▶ [Directions for this task] For this exercise, copy exactly the lines below from the one with "华中师范大学:统考招生名额后" through the one with "Patients with CML" and leave out the pictures.

▶ [Data extract]

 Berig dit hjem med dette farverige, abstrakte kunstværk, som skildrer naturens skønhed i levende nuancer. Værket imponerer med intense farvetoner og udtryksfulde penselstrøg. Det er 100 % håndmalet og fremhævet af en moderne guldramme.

...

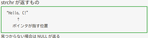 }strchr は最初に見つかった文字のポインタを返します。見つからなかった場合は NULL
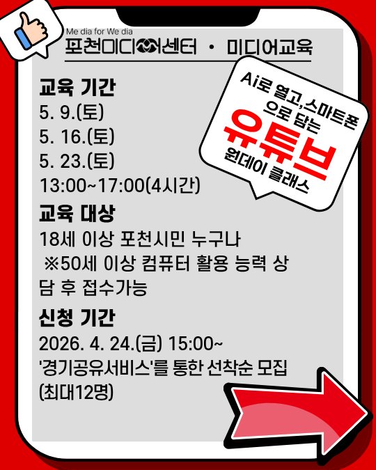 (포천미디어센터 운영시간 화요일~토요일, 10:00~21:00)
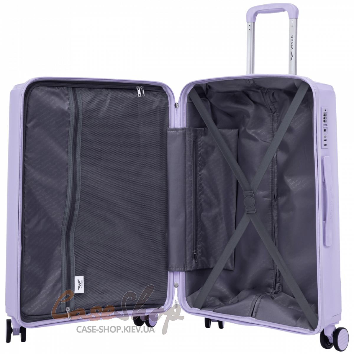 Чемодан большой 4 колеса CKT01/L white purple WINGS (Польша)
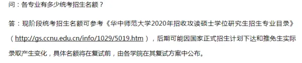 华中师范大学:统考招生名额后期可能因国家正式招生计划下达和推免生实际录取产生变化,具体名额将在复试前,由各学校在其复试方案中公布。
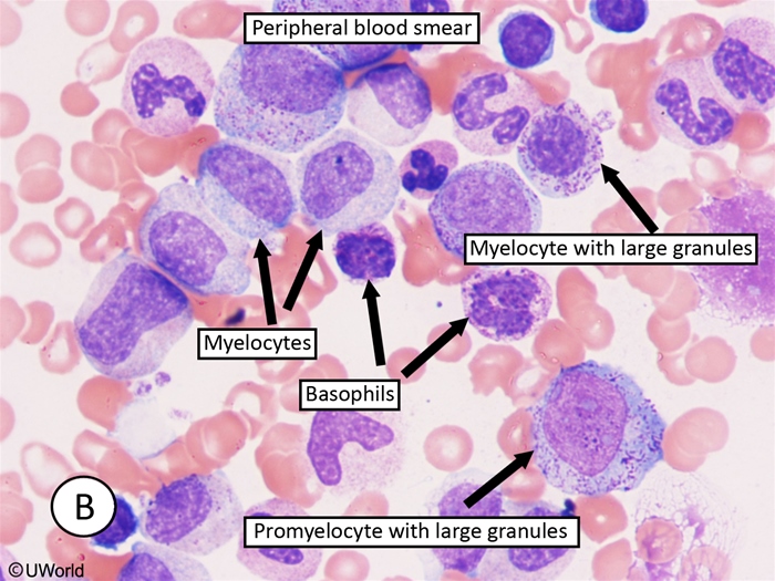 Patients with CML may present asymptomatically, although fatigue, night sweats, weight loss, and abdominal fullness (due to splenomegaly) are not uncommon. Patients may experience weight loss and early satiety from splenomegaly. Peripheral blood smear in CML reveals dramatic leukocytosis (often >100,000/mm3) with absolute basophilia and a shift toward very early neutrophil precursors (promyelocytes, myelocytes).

▶ [Exercise solution]
 华中师范大学:统考招生名额后期可能因国家正式招生计划下达和推免生实际录取产生变化,具体名额将在复试前,由各学校在其复试方案中公布。
 Patients with CML may present asymptomatically, although fatigue, night sweats, weight loss, and abdominal fullness (due to splenomegaly) are not uncommon. Patients may experience weight loss and early satiety from splenomegaly. Peripheral blood smear in CML reveals dramatic leukocytosis (often >100,000/mm3) with absolute basophilia and a shift toward very early neutrophil precursors (promyelocytes, myelocytes).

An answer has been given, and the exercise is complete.